▶ _Data provided_
- Opening Delimiter -

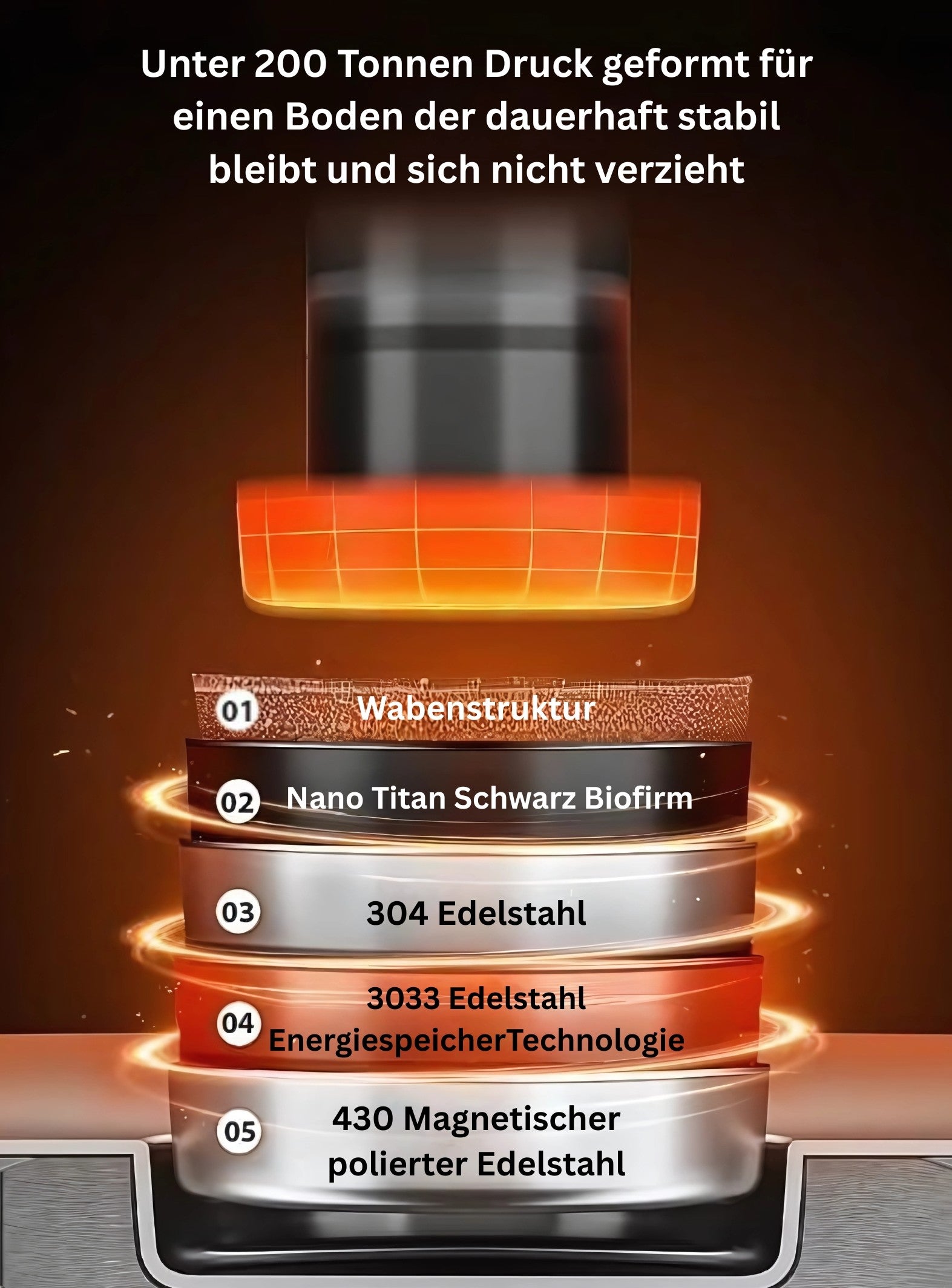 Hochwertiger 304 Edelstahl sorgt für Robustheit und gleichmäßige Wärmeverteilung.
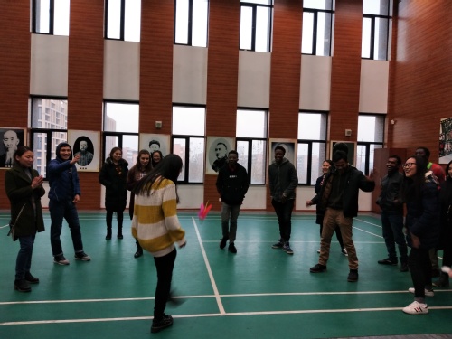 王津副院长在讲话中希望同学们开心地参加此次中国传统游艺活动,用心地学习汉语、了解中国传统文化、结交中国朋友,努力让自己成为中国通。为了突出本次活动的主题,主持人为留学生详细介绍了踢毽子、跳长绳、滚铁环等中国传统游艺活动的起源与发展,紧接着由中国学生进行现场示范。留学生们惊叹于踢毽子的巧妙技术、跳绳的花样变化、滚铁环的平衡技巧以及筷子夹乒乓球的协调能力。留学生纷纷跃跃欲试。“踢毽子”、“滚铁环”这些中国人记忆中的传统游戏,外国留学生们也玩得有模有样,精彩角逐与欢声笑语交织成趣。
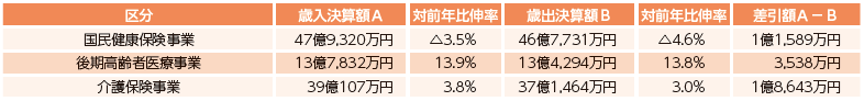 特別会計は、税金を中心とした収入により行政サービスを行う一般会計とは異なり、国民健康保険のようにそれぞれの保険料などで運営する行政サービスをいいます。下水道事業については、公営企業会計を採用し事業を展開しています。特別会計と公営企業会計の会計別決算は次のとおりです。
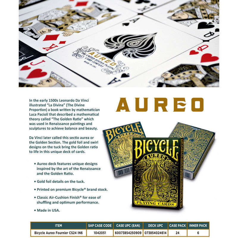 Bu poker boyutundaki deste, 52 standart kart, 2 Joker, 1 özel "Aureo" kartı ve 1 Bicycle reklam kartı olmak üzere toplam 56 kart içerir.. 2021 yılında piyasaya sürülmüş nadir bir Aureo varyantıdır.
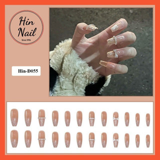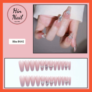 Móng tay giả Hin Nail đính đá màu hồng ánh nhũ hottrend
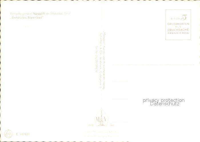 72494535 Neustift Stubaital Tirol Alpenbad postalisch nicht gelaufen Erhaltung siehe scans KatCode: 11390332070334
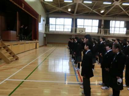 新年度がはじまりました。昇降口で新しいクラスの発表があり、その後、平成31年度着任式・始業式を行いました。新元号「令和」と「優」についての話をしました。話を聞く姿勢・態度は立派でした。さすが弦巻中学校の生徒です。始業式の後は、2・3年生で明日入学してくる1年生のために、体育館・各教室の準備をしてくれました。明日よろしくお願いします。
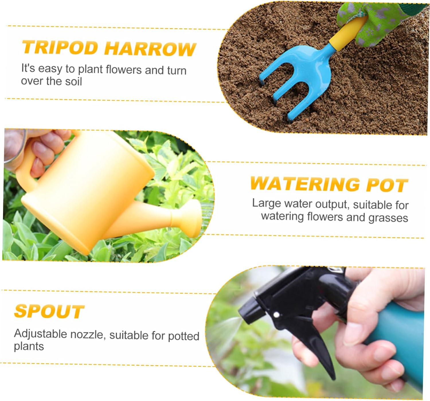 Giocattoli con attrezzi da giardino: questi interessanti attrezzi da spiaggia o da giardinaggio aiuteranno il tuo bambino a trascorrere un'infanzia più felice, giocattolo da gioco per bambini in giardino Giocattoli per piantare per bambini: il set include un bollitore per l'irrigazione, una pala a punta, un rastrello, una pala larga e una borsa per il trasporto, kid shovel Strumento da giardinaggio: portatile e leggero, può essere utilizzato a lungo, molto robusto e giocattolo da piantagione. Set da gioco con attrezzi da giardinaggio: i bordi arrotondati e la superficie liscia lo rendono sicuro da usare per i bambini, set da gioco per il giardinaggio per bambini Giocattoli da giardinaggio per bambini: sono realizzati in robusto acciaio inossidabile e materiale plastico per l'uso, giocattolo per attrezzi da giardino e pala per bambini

- Closing Delimiter -

▶ _Exercise_
Print every record above exactly as written, leaving out the pictures.

▶ _Answer space_
 Hochwertiger 304 Edelstahl sorgt für Robustheit und gleichmäßige Wärmeverteilung.
 王津副院长在讲话中希望同学们开心地参加此次中国传统游艺活动,用心地学习汉语、了解中国传统文化、结交中国朋友,努力让自己成为中国通。为了突出本次活动的主题,主持人为留学生详细介绍了踢毽子、跳长绳、滚铁环等中国传统游艺活动的起源与发展,紧接着由中国学生进行现场示范。留学生们惊叹于踢毽子的巧妙技术、跳绳的花样变化、滚铁环的平衡技巧以及筷子夹乒乓球的协调能力。留学生纷纷跃跃欲试。“踢毽子”、“滚铁环”这些中国人记忆中的传统游戏,外国留学生们也玩得有模有样,精彩角逐与欢声笑语交织成趣。
 特別会計は、税金を中心とした収入により行政サービスを行う一般会計とは異なり、国民健康保険のようにそれぞれの保険料などで運営する行政サービスをいいます。下水道事業については、公営企業会計を採用し事業を展開しています。特別会計と公営企業会計の会計別決算は次のとおりです。
 Bu poker boyutundaki deste, 52 standart kart, 2 Joker, 1 özel "Aureo" kartı ve 1 Bicycle reklam kartı olmak üzere toplam 56 kart içerir.. 2021 yılında piyasaya sürülmüş nadir bir Aureo varyantıdır.
 Móng tay giả Hin Nail đính đá màu hồng ánh nhũ hottrend
 72494535 Neustift Stubaital Tirol Alpenbad postalisch nicht gelaufen Erhaltung siehe scans KatCode: 11390332070334
 新年度がはじまりました。昇降口で新しいクラスの発表があり、その後、平成31年度着任式・始業式を行いました。新元号「令和」と「優」についての話をしました。話を聞く姿勢・態度は立派でした。さすが弦巻中学校の生徒です。始業式の後は、2・3年生で明日入学してくる1年生のために、体育館・各教室の準備をしてくれました。明日よろしくお願いします。
 Giocattoli con attrezzi da giardino: questi interessanti attrezzi da spiaggia o da giardinaggio aiuteranno il tuo bambino a trascorrere un'infanzia più felice, giocattolo da gioco per bambini in giardino Giocattoli per piantare per bambini: il set include un bollitore per l'irrigazione, una pala a punta, un rastrello, una pala larga e una borsa per il trasporto, kid shovel Strumento da giardinaggio: portatile e leggero, può essere utilizzato a lungo, molto robusto e giocattolo da piantagione. Set da gioco con attrezzi da giardinaggio: i bordi arrotondati e la superficie liscia lo rendono sicuro da usare per i bambini, set da gioco per il giardinaggio per bambini Giocattoli da giardinaggio per bambini: sono realizzati in robusto acciaio inossidabile e materiale plastico per l'uso, giocattolo per attrezzi da giardino e pala per bambini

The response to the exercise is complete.